▶ _Extracted data entries_:
++++++++++++++++++++

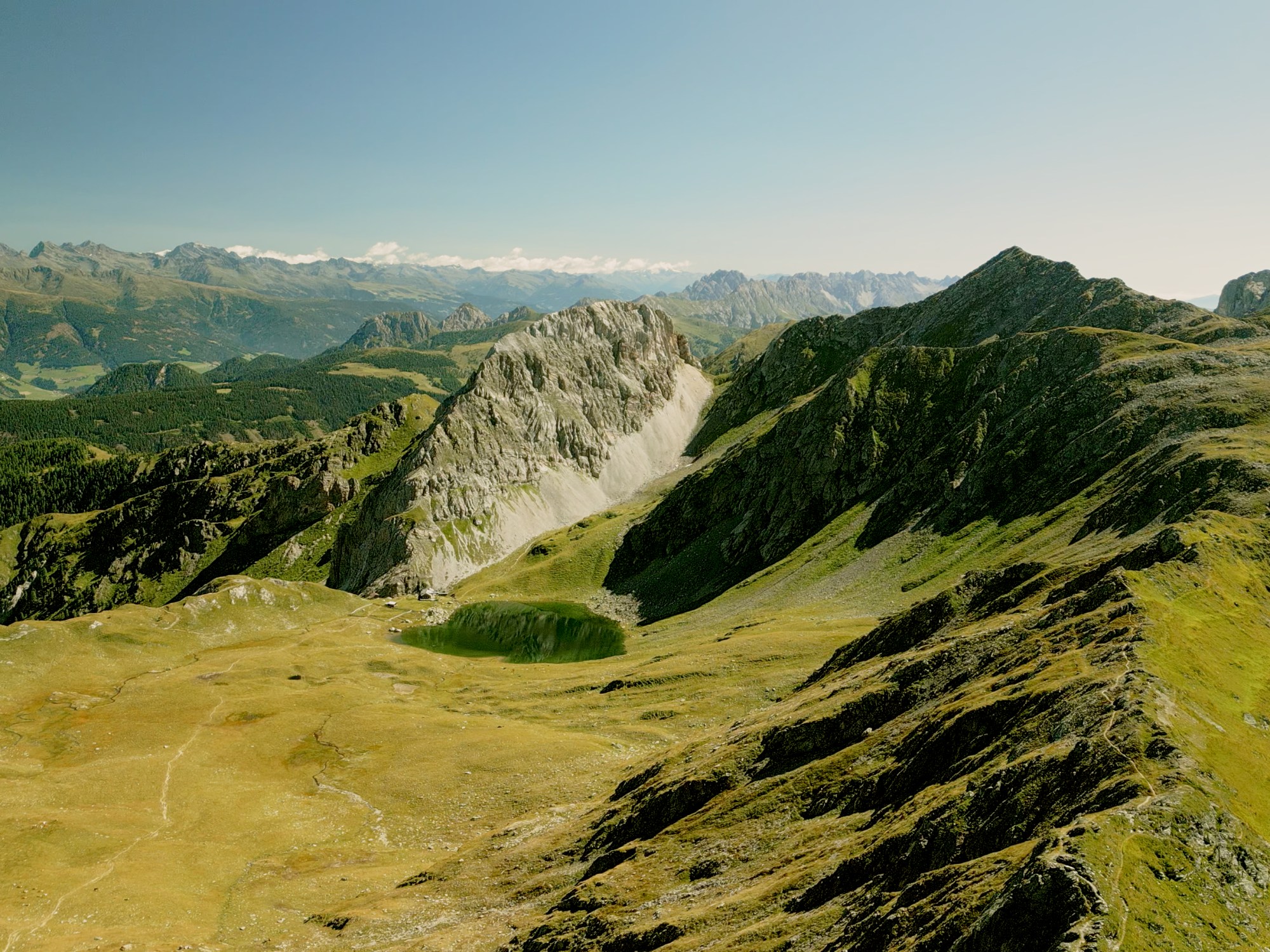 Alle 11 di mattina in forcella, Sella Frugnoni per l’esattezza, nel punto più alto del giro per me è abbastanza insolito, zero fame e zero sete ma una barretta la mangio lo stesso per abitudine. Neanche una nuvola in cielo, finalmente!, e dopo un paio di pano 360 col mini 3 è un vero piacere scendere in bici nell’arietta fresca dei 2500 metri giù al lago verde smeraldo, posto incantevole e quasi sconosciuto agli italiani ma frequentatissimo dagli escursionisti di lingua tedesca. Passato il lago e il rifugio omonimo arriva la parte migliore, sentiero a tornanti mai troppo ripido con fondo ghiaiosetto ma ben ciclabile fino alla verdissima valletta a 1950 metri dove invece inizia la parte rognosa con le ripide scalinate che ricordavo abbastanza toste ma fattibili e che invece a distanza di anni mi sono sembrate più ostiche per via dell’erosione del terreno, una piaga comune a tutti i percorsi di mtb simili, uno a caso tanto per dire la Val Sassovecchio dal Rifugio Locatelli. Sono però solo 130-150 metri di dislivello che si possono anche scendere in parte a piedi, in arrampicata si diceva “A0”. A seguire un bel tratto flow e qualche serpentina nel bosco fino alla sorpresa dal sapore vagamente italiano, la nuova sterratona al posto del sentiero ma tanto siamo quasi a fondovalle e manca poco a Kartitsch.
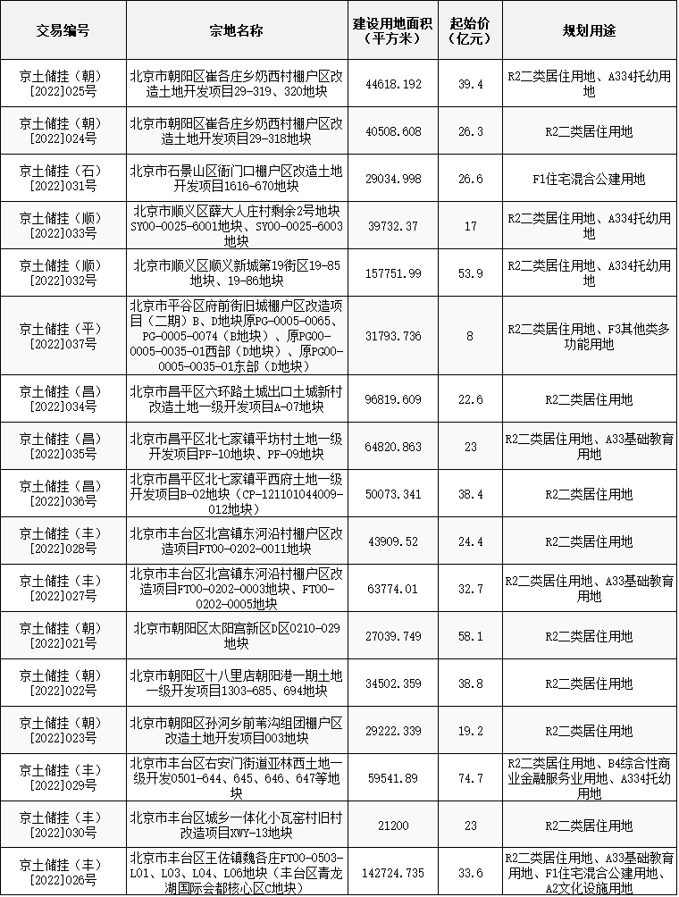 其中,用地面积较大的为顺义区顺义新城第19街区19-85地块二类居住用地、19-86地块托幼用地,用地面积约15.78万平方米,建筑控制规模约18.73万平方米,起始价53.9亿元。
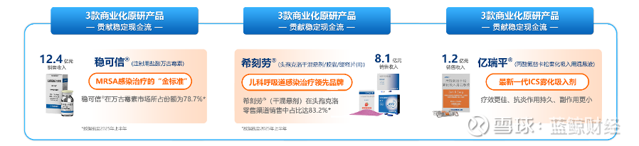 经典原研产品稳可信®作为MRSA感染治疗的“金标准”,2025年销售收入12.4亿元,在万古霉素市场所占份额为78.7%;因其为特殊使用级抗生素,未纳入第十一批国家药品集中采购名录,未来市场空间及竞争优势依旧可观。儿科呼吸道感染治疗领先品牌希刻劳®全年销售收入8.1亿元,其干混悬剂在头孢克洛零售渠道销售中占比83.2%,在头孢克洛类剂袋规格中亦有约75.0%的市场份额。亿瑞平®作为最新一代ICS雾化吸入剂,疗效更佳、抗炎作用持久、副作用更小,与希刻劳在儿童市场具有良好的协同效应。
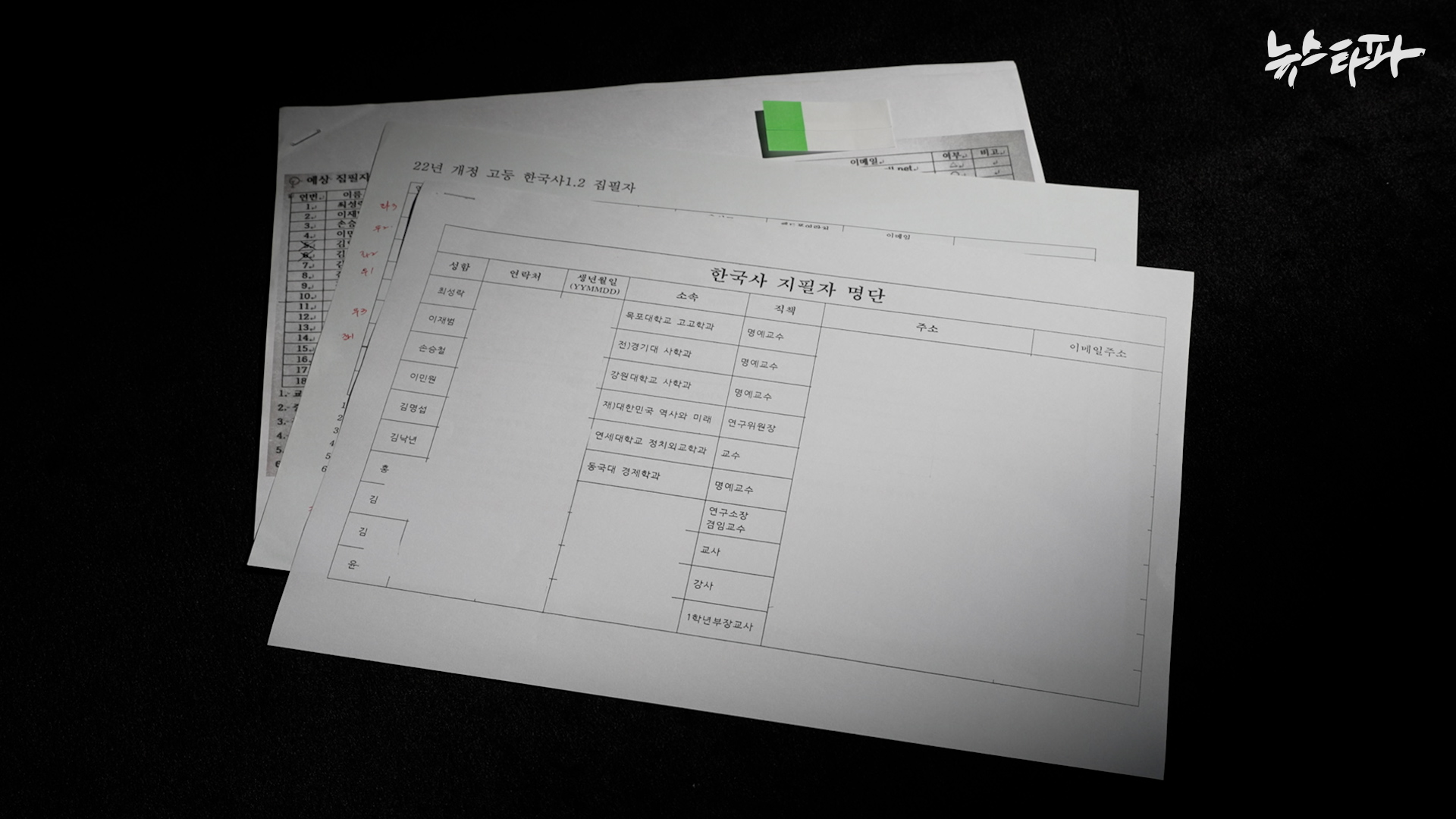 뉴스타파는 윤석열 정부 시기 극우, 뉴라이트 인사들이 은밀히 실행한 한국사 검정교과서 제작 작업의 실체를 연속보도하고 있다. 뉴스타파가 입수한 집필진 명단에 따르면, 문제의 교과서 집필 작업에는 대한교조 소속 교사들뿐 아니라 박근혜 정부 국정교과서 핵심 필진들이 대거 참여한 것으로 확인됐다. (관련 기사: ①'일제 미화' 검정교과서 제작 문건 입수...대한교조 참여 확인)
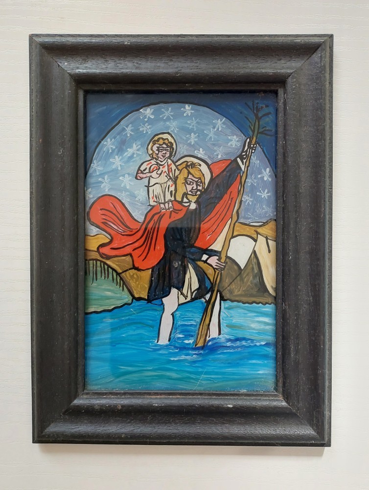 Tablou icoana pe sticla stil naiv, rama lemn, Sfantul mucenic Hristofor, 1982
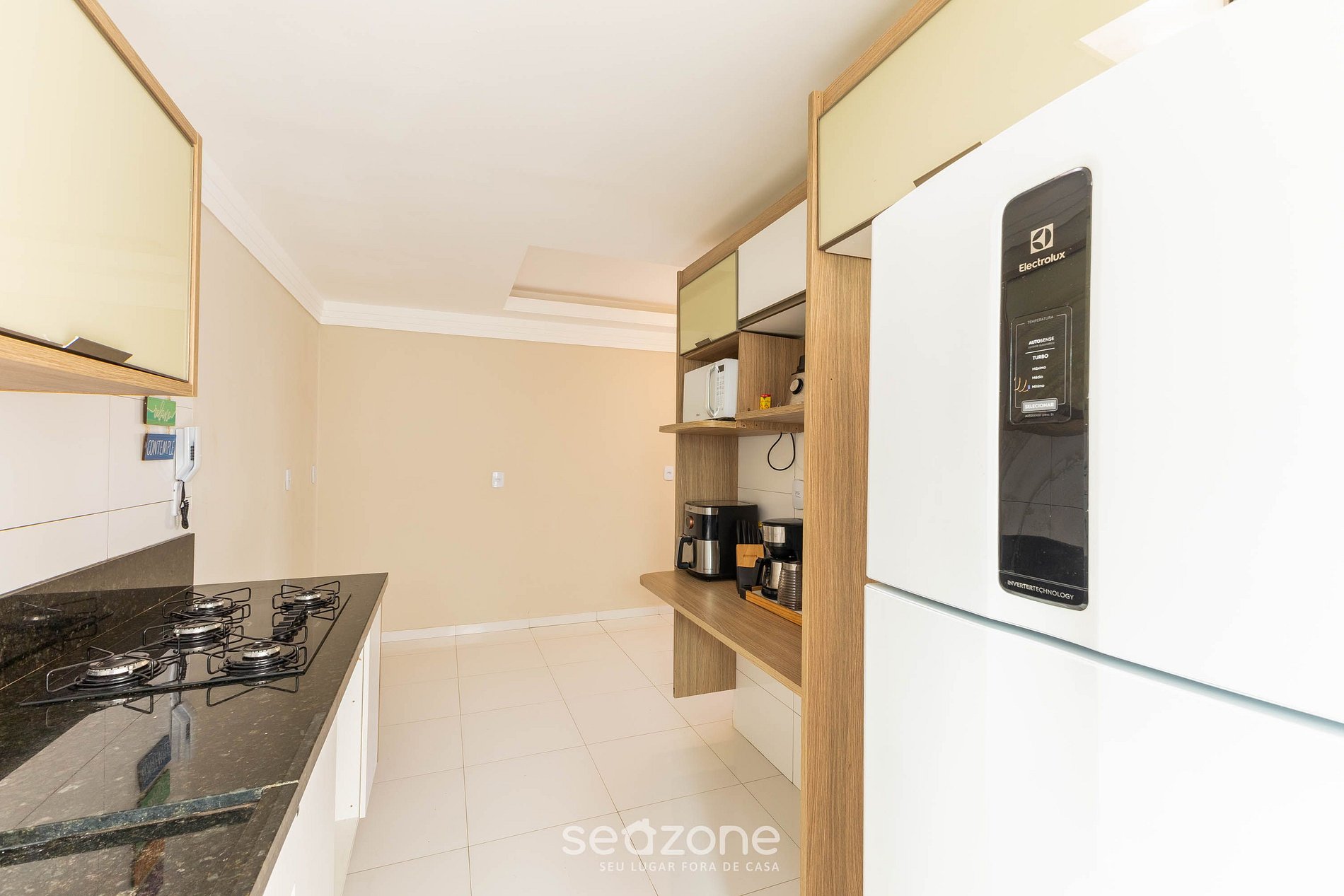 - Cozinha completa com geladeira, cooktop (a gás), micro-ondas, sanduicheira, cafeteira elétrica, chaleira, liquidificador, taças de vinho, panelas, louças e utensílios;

++++++++++++++++++++

▶ _DESCRIPTION OF THE TASK_: When you reach the line that contains "Tablou icoana pe" in the records above, copy it and every line after it exactly through the last one, leaving out the pictures.

▶ _EXERCISE RESPONSE_:
 Tablou icoana pe sticla stil naiv, rama lemn, Sfantul mucenic Hristofor, 1982
 - Cozinha completa com geladeira, cooktop (a gás), micro-ondas, sanduicheira, cafeteira elétrica, chaleira, liquidificador, taças de vinho, panelas, louças e utensílios;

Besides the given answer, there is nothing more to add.